肝試しとは自身もしくは他者の肝臓を恫喝し、試練を与えることで変化を促す行為である。
「低級魔族を診察して、肝臓があったら赤飯を炊け」と言われるほど日常に根差している肝試しだが、実は来月999月は魔界で最も肝試しの行われる月なのだ。
もちろん恫喝は年中行うことが可能なのだが、なぜか999月は肝試しの試行数が急激に上昇すると言われており、魔統計上もそれを裏付けるデータが存在する。

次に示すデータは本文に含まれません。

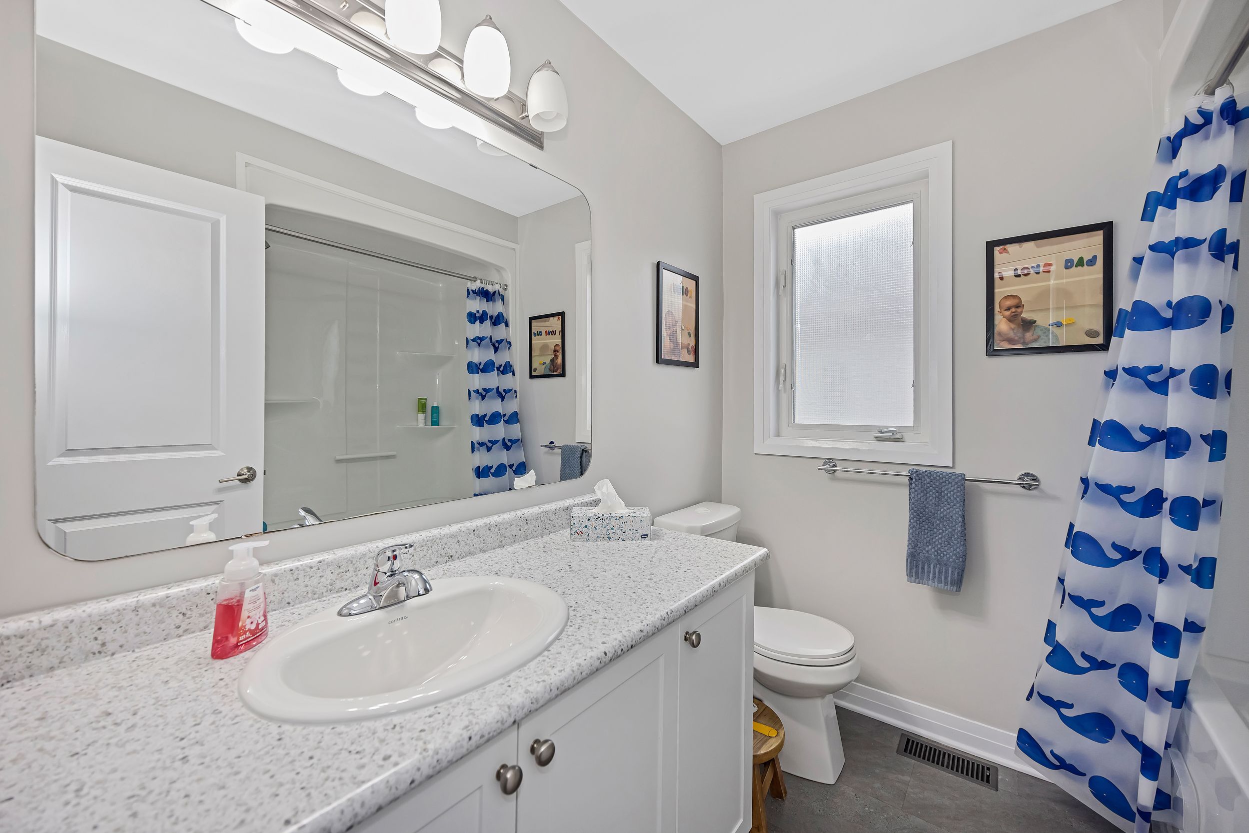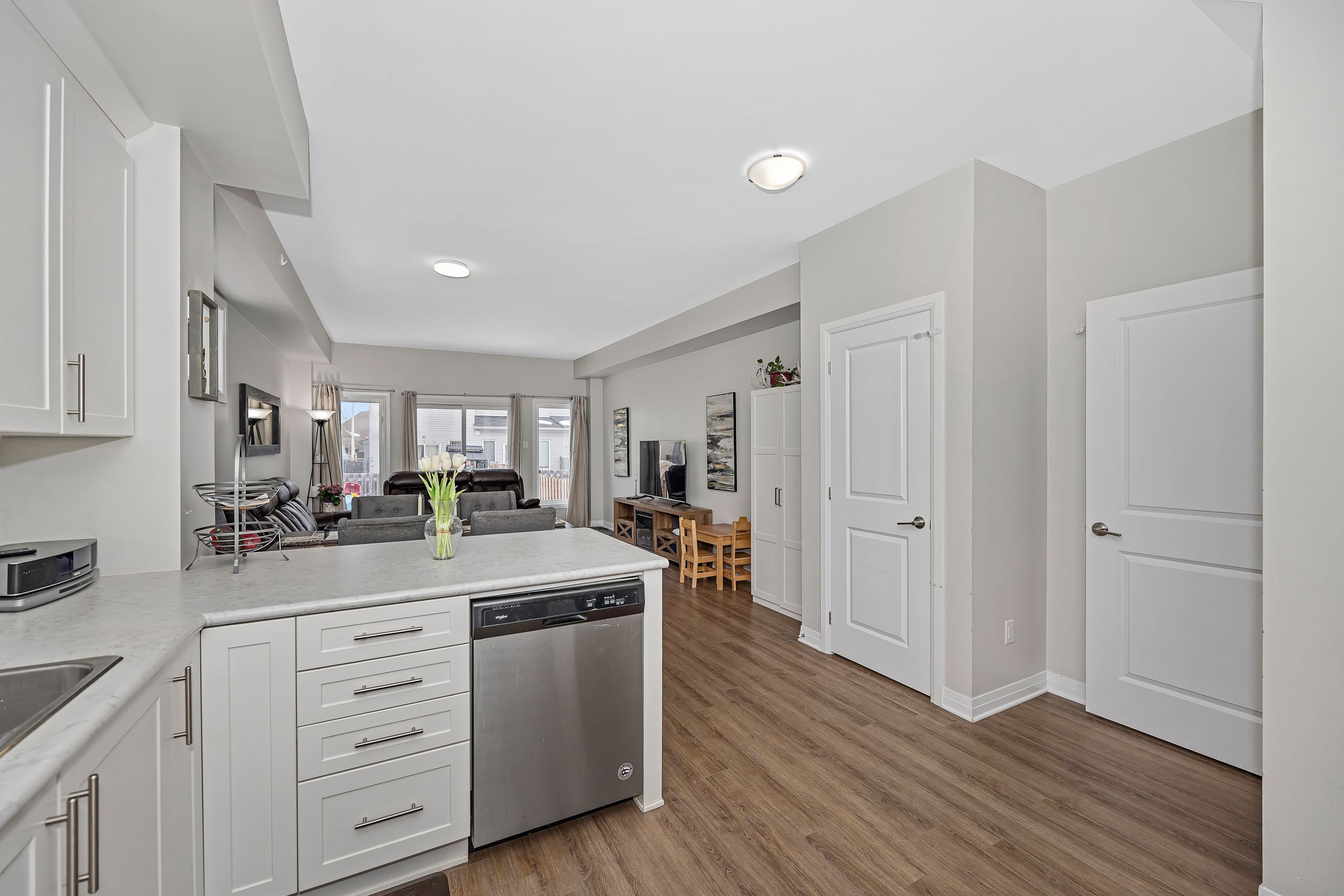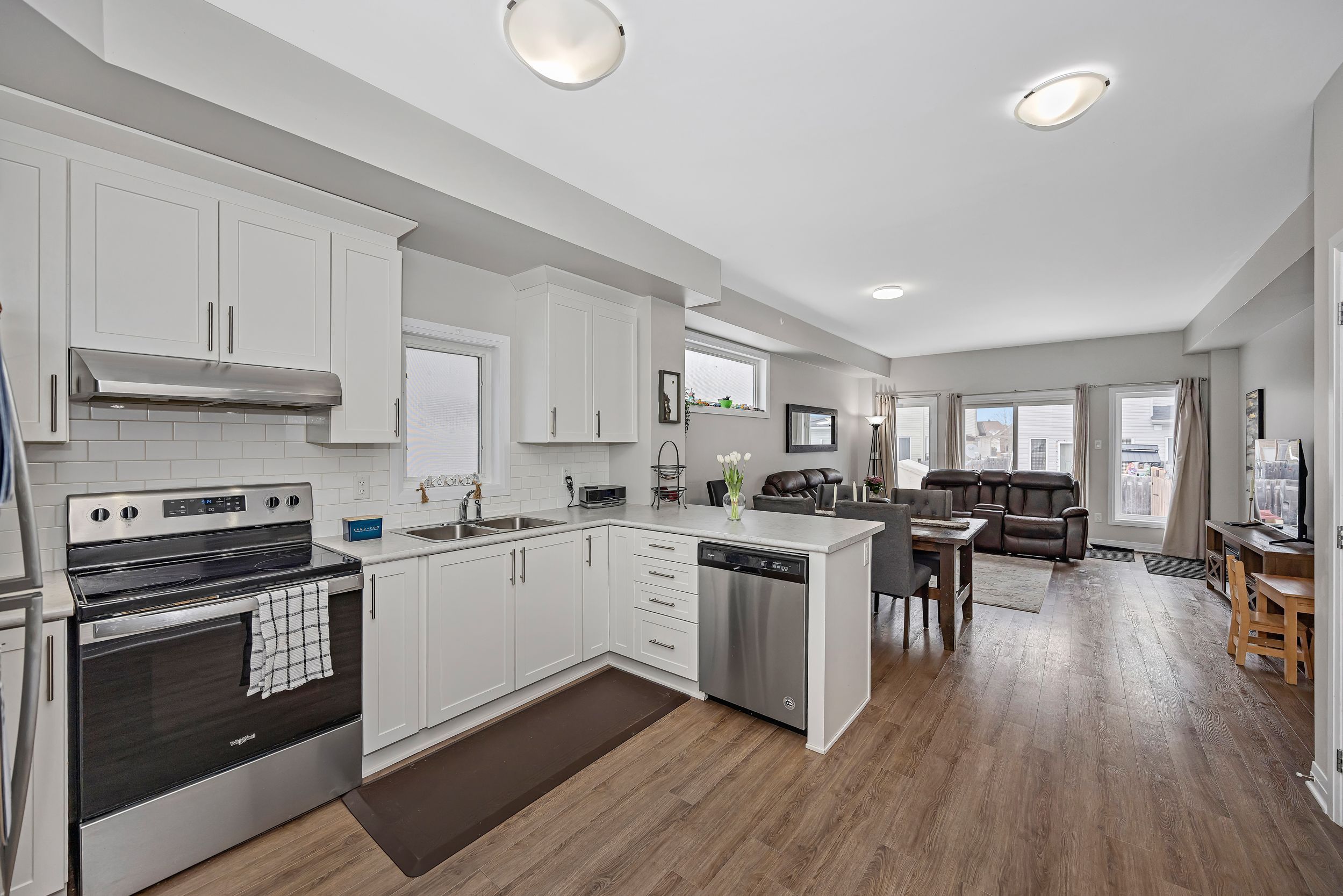 • Bright open-concept main level with a stylish kitchen and granite countertops.

しかし、自身の肝臓を変化させることは、一般的には知られていないものの、魔医学的な現地から非常に危険な行為であるという。
ある魔族は自身の肝臓に対して殴る蹴るの暴行を働いたところ、肝臓が市役所となり、市民を養うことになったそうだ。
自身の肝臓が「非常に感服しております。市民の皆様をお守りすることが、私の責務であると感じております」と表明しながら会釈を繰り返す公務機械になったショックから、その悪魔は静かに涙を流し、すぐさま自身の心臓を恫喝して裁判所に至らしめ、自害したとのことだ。

獄夏極まる999月、殺人指数999を超える屋外だけでなく、自身の臓腑にも気をつけて過ごしたいものだ。